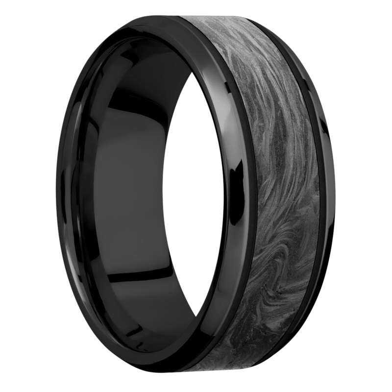 8 mm wide/Beveled/Zirconium band with one 5 mm Centered inlay of Forged Carbon Fiber.
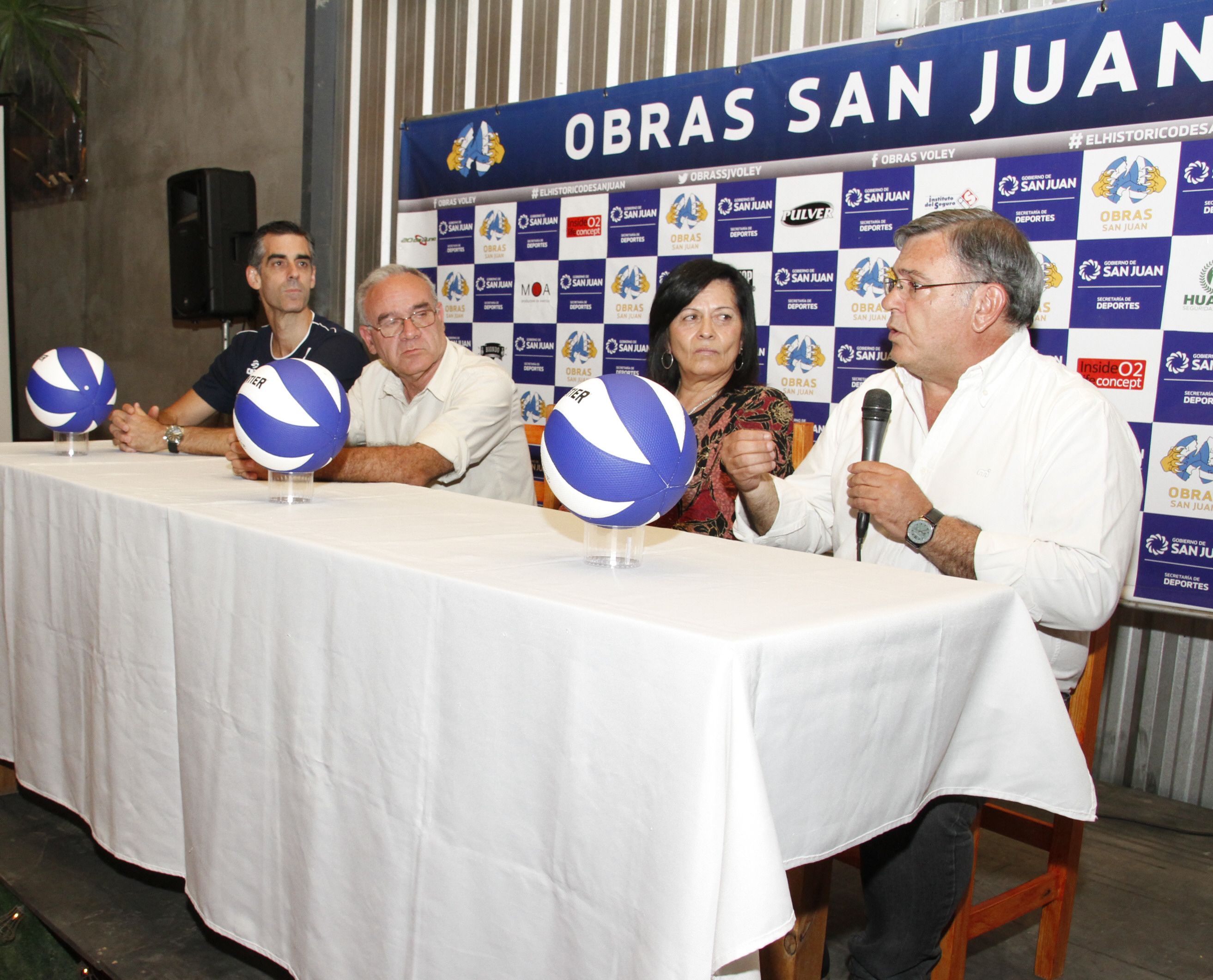El nuevo plantel de Obras San Juan Voley realizó anoche su presentación en sociedad, a la vez que exhibió las camisetas que lucirá esta temporada. Fue en un encuentro con integrantes del club, autoridades y periodistas en un local de Rivadavia, en la previa del debut del conjunto sanjuanino en la Liga de Vóleibol de Argentina, que se producirá el próximo sábado ante Gigantes, en El Palomar.
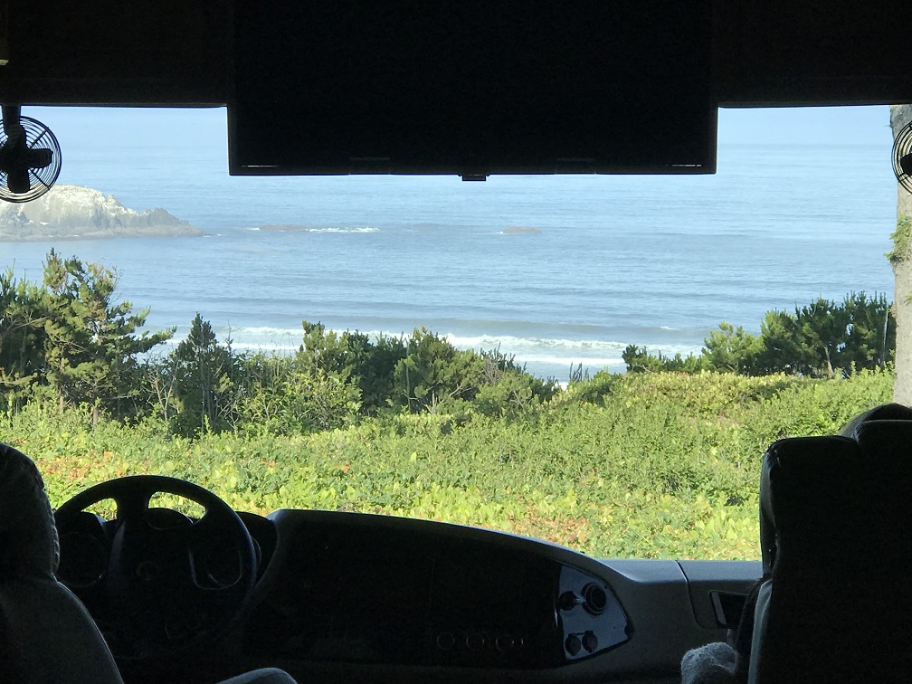 Jun 28th 2018: for the month of July till early August we are hanging out at Pacific Motor Coach Resort in Newport Oregon. It is really a resort vs. a KOA and we were right on the ocean/beach. We had to move back 3 rows because we only that that lot for a week, but love it here. 9 stars of 10. ( only deduct is no onsite restaurant :-) ) . Can be a bit windy, but this is the place to escape the summer heat with a mile long quiet beach to walk every day. Debbie is taking our daughter Taylor to Australia to attend Hillsong College, while I hang out in beautiful Oregon. This place is a must stay. Treat yourself to an ocean view for a few days of $120 a night of so. Worth every penny. We go back to Ocean Front August 1st-6th
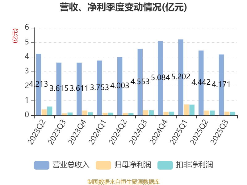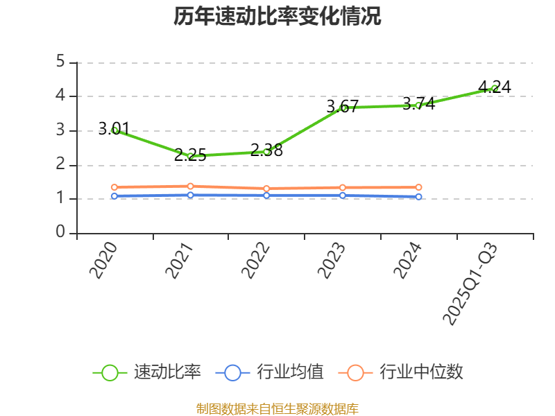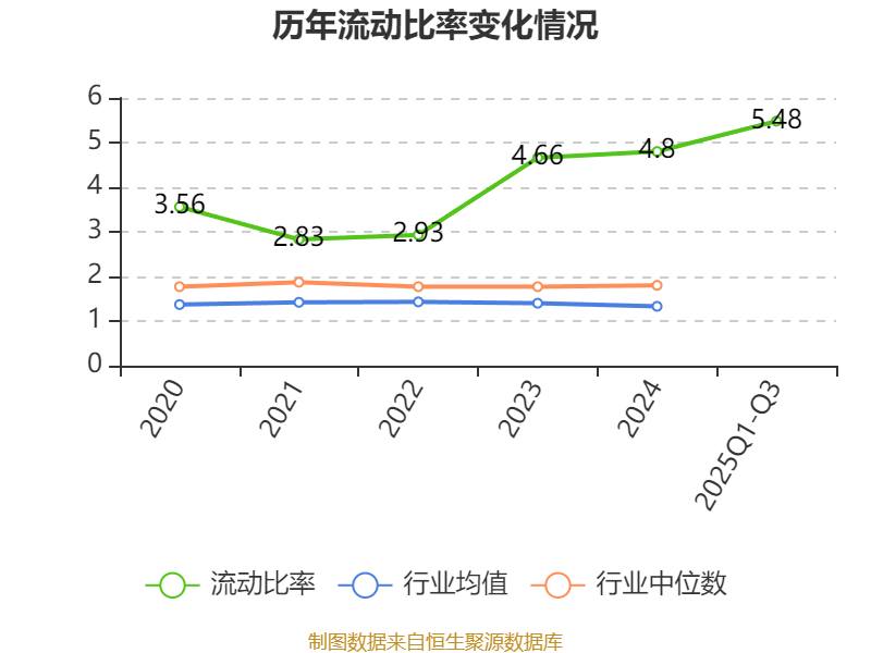 2025年前三季度,公司流动比率为5.48,速动比率为4.24。

WORK REQUIRED: The lines from the one containing "Jun 28th 2018: for" through the last line above are to be repeated exactly, and only those. Any pictures must be left out.

RESPONSE FOR THIS EXERCISE:
 Jun 28th 2018: for the month of July till early August we are hanging out at Pacific Motor Coach Resort in Newport Oregon. It is really a resort vs. a KOA and we were right on the ocean/beach. We had to move back 3 rows because we only that that lot for a week, but love it here. 9 stars of 10. ( only deduct is no onsite restaurant :-) ) . Can be a bit windy, but this is the place to escape the summer heat with a mile long quiet beach to walk every day. Debbie is taking our daughter Taylor to Australia to attend Hillsong College, while I hang out in beautiful Oregon. This place is a must stay. Treat yourself to an ocean view for a few days of $120 a night of so. Worth every penny. We go back to Ocean Front August 1st-6th
 2025年前三季度,公司流动比率为5.48,速动比率为4.24。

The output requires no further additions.